No, this article isn't about a physical fight, but does contrast theories between living legends of finance, Josef Lakonishok and Eugene Fama. Josef Lakonishok is a professor of finance at University of Illinois, and is a market behaviorist. Market behaviorist believe the market isn't rational. Behaviorist argue that if people were rational the dot-com bubble wouldn't of occurred, as astronomical price to a variety of measures were being paid. Fama believes in the Efficient Market Hypothesis which relies on the assumption investors are rational. Both finance professors have put there money where there mouth is so to say by creating and managing funds. Lakonishok fund is LSV Asset Management with 8 billion under management while Fama has DFA with 34 billion under management. Both sides outdo the market but LSV outperforms DFA in small and large cap funds over both 3 and 5 year periods. Both though believe in value stocks as good long term investments. LSV picks stocks by old fashioned value ratios and ruling out stocks that have been public for less than two years or lack momentum and headed towards bankruptcy.
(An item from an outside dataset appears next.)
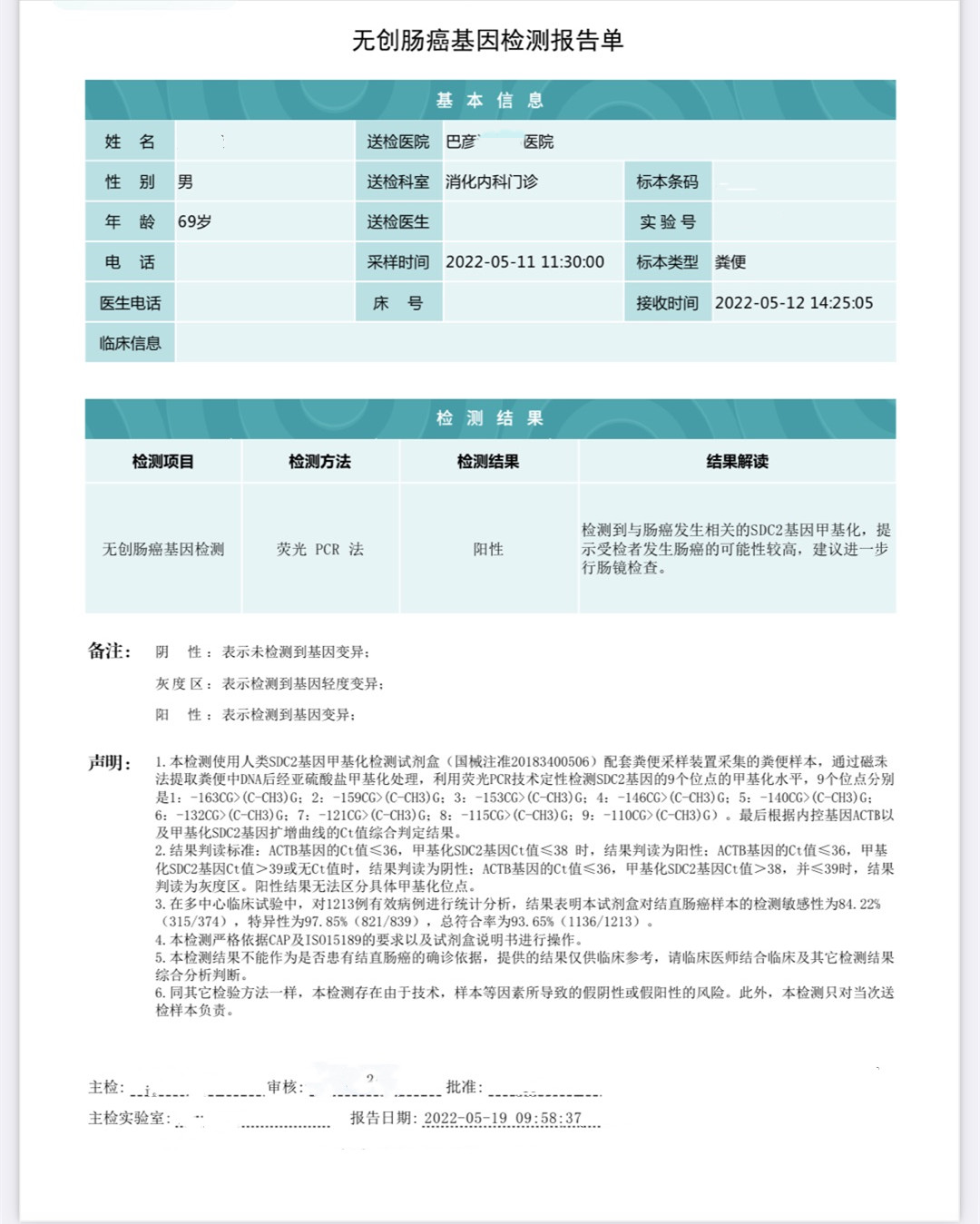刘先生从5年前开始无明显诱因反复出现稀便,在就诊前10天开始出现黑便,自觉下腹部不适,有便意,自觉有反酸、嗳气、排气增多的症状。刘先生告诉医生十余年前曾做过阑尾炎手术,约十年前就确诊患有冠心病及高血压,在两年前做了主动脉瓣置换术,目前有在长期服用华法林以及降压药物。因刘先生慢性病症较为复杂, 经医生评估后便让刘先生做了更安全、无创的粪便DNA检测;结果【阳性】,刘先生看到结果,听取了医生的建议,暂时停服华法林一周再行肠镜检查。
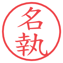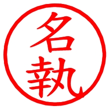 [朱肉の色]を選び、入力窓に“名執”と入力して[生成]ボタンを押すと、印影が更新され、リンクから電子印鑑(デジタル印影)がダウンロードできます。 電子印鑑「名執」の作り方文字表示が変なときや、文字バランスが悪いときは[字形切替]のチェックボックスでON/OFFを切り替え[生成]しなおしてください。 生成される画像は通常の印影「名執.png」と、にじみを表現した少し太めの印影「名執B.png」の背面透過PNG形式2種と、鮮明なPDF形式の印影「名執.pdf」の計3種類です。 朱肉の微妙な色の違いを7色で表現しました。デフォルト(左端)は、JISが定めた朱肉の色のマンセル値(7.5R 5/14)をRGB値(217,66,54)に変換したものになっています。 「電子透かし」にチェックを入れて[生成]ボタンを押すと、タイムスタンプを電子透かしとして埋め込んだセキュアな電子印鑑が作れます。詳細は別ページの「タイムスタンプと電子透かし」でご覧ください。 名執さんの日付印が作れます。「日付スタンプメーカー」は、社内向けの書類に利用されることの多い日付印(データ印)が無料で作れるWebアプリケーションです。中段に日付が入り、上段と下段は、ともに8文字まで文字が入ります。 ![]() 古代文字で落款印が作れます。「落款スタンプメーカー」で作品を引き立たせる落款印が作れます。

DFA builds its portfolios by categories such as international and micro-cap, along with ruling out stocks that could be in line for a takeover. They often own similar stocks albeit for different reasons.
The LSV Value Equity Fund trades under the ticker LSVEX. Its investment approach is deep value orientated, risk controlled, and qualitative. The majority of the portfolio is constructed of large and mid cap stocks in the United States. The fund typically has low price to earnings ratio compared to that of the market. The fund has a minimum holdings of 75 and an expense ratio of 0.66%. The five year average annual return is 11.91% compared to 10.34% of the Russell 1000 Value index. When comparing LSVEX to SPY the average return from March 2009 to September 2018 is 22.14% and 21.66% respectively.LSVEX beat the market, although slightly, an accomplishment for almost 10 year period. LSVEX has a higher monthly standard deviation of 4.27 compared to SPY's 3.62. SPY also outpaces LSVEX in Sharpe ratio due to having a lower standard deviation. SPY Sharpe ratio which is excess return for risk taken is .003988 compared to LSVEX of .00345498. LSVEX is able to create a positive alpha of 0.374, signifying an excess return. LSVEX has a beta of .88 since 2009.
I would advise investing in LSVEX it has outperformed the market, and provides stable returns through seeking out value stocks similar to what made Warren Buffet famous. I am a believer in the market behaviorists theories. LSVEX also provides alpha over an extended period. Fama and Effiecent Market Hypothesis is sound if the assumptions are true, and still provide good returns when investing in index funds. The Efficient Market Hypothesis relies on the assumption that people are rational, and I've met people and know that there are many exceptions. I'm sure you would agree.